I am running 11.2-U2.

I posted a bug about this at first but thought that perhaps I should post here as well in case it was my error. The bug can be found here.
 

Attachments

  • smartd.conf.txt
    3.9 KB · Views: 364
  • smartd_daemon alert.png
    smartd_daemon alert.png
    26.2 KB · Views: 367
  • S.M.A.R.T. listed as running.png
    S.M.A.R.T. listed as running.png
    904.4 KB · Views: 352
  • S.M.A.R.T. starting as off.png
    S.M.A.R.T. starting as off.png
    236.7 KB · Views: 351
  • S.M.A.R.T. failing to start.png
    S.M.A.R.T. failing to start.png
    1.1 MB · Views: 388
  • bug_report.txt
    4.2 KB · Views: 379

Meyers

Patron
Joined
Nov 16, 2016
Messages
211
Are you using USB boot media or something similar? If so, you need to disable SMART on it via Storage -> Disks. Select the USB boot drive, click the three dots, edit, then untick "Enable SMART" and click save. Then restart smartd.
 
Joined
Oct 18, 2018
Messages
969
Are you using USB boot media or something similar?
I'm using 2 x 64GB SuperMicro SATA DOM SSD-DM064-SMCMVN1. This system has been up and running for several weeks with no issue using this same boot pool. I have on occasion received SMART temperature alerts for those two SATA DOMs.
 

Meyers

Patron
Joined
Nov 16, 2016
Messages
211
Try tail -F /var/log/messages and then restart smartd and see if anything is logged there.
 

Meyers

Patron
Joined
Nov 16, 2016
Messages
211
On the CLI that is.
 
Joined
Oct 18, 2018
Messages
969
Try tail -F /var/log/messages and then restart smartd and see if anything is logged there.
Saw nothing in /var/log/messages

I found Feb 24 16:38:37 dorothy smartd[77386]: file /var/run/smartd-daemon.pid written containing PID 77386 in /var/log/daemon.log. The pid listed there matches the pid of the running smartd process.
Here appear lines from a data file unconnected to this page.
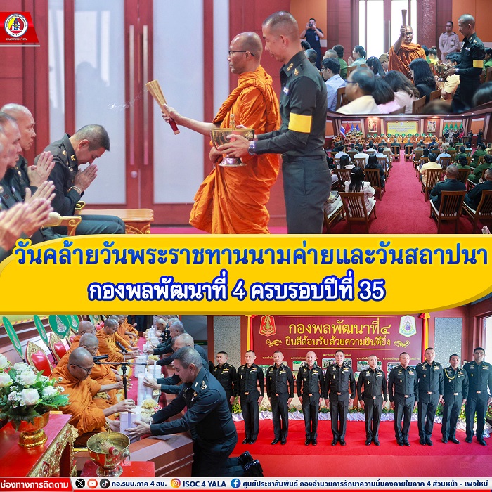 เมื่อวันที่ 28 มีนาคม 2567 เวลา 10.00 น. ที่กองพลพัฒนาที่ 4 อำเภอคลองหอยโข่ง จังหวัดสงขลา พลโท ศานติ ศกุนตนาค แม่ทัพภาคที่ 4/ผู้อำนวยการรักษาความมั่นคงภายในภาค 4 เป็นประธานในพิธีวันคล้ายวันพระราชทานนามค่าย และวันสถาปนากองพลพัฒนาที่ 4 ครบรอบปีที่ 35 โดยมี พลตรี กรกฎ ภู่โชติ ผู้บัญชาการกองพลพัฒนาที่ 4 ,พลตรี เฉลิมพร ขำเขียว ผู้บัญชาการกองพลทหารราบที่ 15 , พลตรี คมกฤช รัตนฉายา รองแม่ทัพน้อยที่ 4 , พลตรี ปกรณ์ จันทรโชตะ ผู้บัญชาการมณฑลทหารบกที่ 42 ,พลตรี อภินันท์ แจ่มแจ้ง ผู้บัญชาการกองพลทหารราบที่ 5 ตลอดจนคณะผู้บังคับบัญชา และกำลังพลกองพลพัฒนาที่ 4 ร่วมในพิธี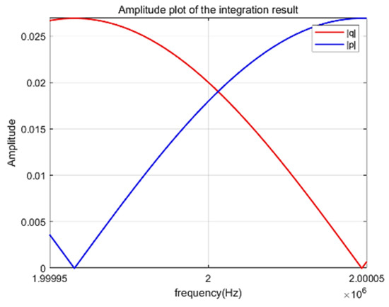 When , the transducer operates at resonance. At this point, the vibration frequency of the transducer is its resonant frequency. Let and . We solved the equation and plotted the graph in the range from 1,999,950 Hz to 2,000,050 Hz, as shown in Figure 3.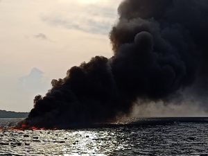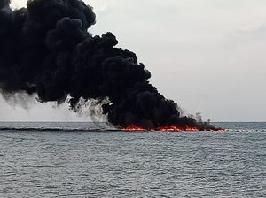 Perahu Tanis Cargo terbakar saat berlayar di perairan Kusamba, Klungkung, Bali. Empat ABK menyelamatkan diri dengan cara meloncat ke laut.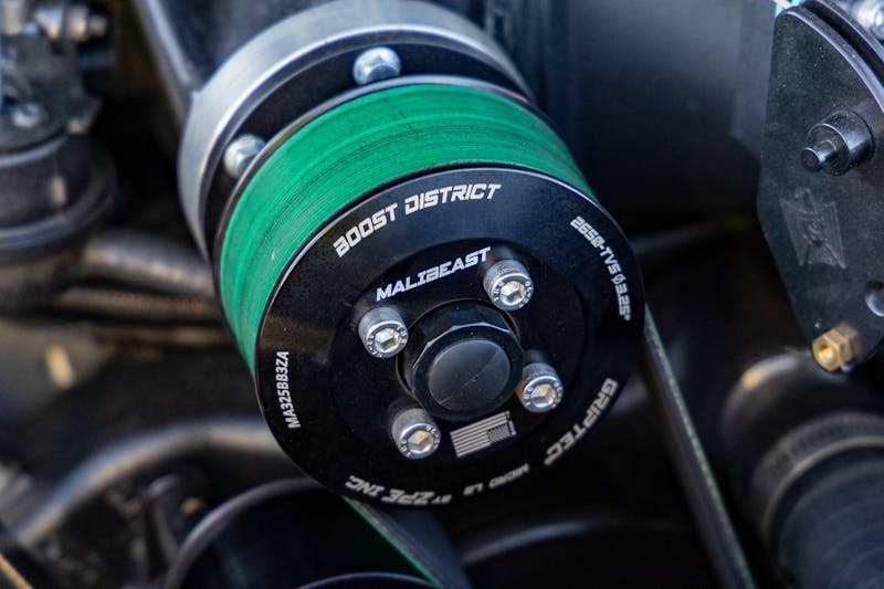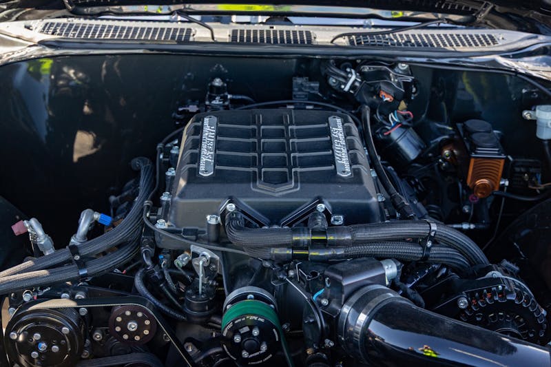 Sitting on top of it all is a Boost District 2650 supercharger, an Eaton-based unit known for its consistent power delivery and OEM-like reliability. Dan added a custom supercharger badge machined by Evans CNC, giving a personal touch to the high-powered setup.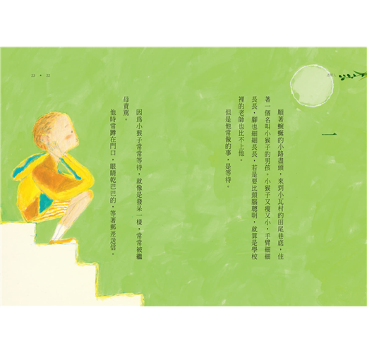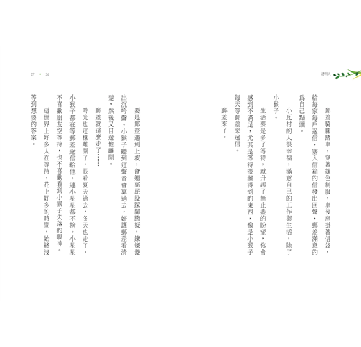太陽亮得像剛孵出來的,圓圓潤潤,亮亮晶晶,照得小瓦村好明亮,物體後頭的每道影子好美。小猴子看著自己手臂上的寒毛,影子好細,隨著太陽而慢慢移動。他忽然站起來眺望,郵差從路的另一端來了。郵差騎腳踏車,穿著綠色制服,車後座掛著信袋,給每家每戶送信,塞入信箱的信發出回聲,郵差滿意的為自己點頭。

Edit: Add details about logs found in /var/log/daemon.log
 

Meyers

Patron
Joined
Nov 16, 2016
Messages
211
Oh looks like it logs to daemon.log now - you see anything there when you restart?
 
Joined
Oct 18, 2018
Messages
969
Oh looks like it logs to daemon.log now - you see anything there when you restart?
Only what I posted above about the PID being written to /var/run/smartd-daemon.pid
 

Meyers

Patron
Joined
Nov 16, 2016
Messages
211
That's odd. I stopped and then started it and in daemon.log I see a ton of log entries.
 

Meyers

Patron
Joined
Nov 16, 2016
Messages
211
The other thing I'd do: in services, stop smartd. Then on the CLI run ps auxwww | grep smartd to see if a rogue process is still running.
 

Meyers

Patron
Joined
Nov 16, 2016
Messages
211
Or rather, since it's not starting for you, just do the second half.
 

Meyers

Patron
Joined
Nov 16, 2016
Messages
211
Oh - reread the OP. Try killing the process you see running (kill [PID of smartd]) then use the UI to try starting it again.
 
Joined
Oct 18, 2018
Messages
969
Alright, so I turned off the process in the UI and then killed the PID (it was still hanging around after the UI reported SMART services as off. I then tailed /var/log/daemon.log when I restarted it in the UI.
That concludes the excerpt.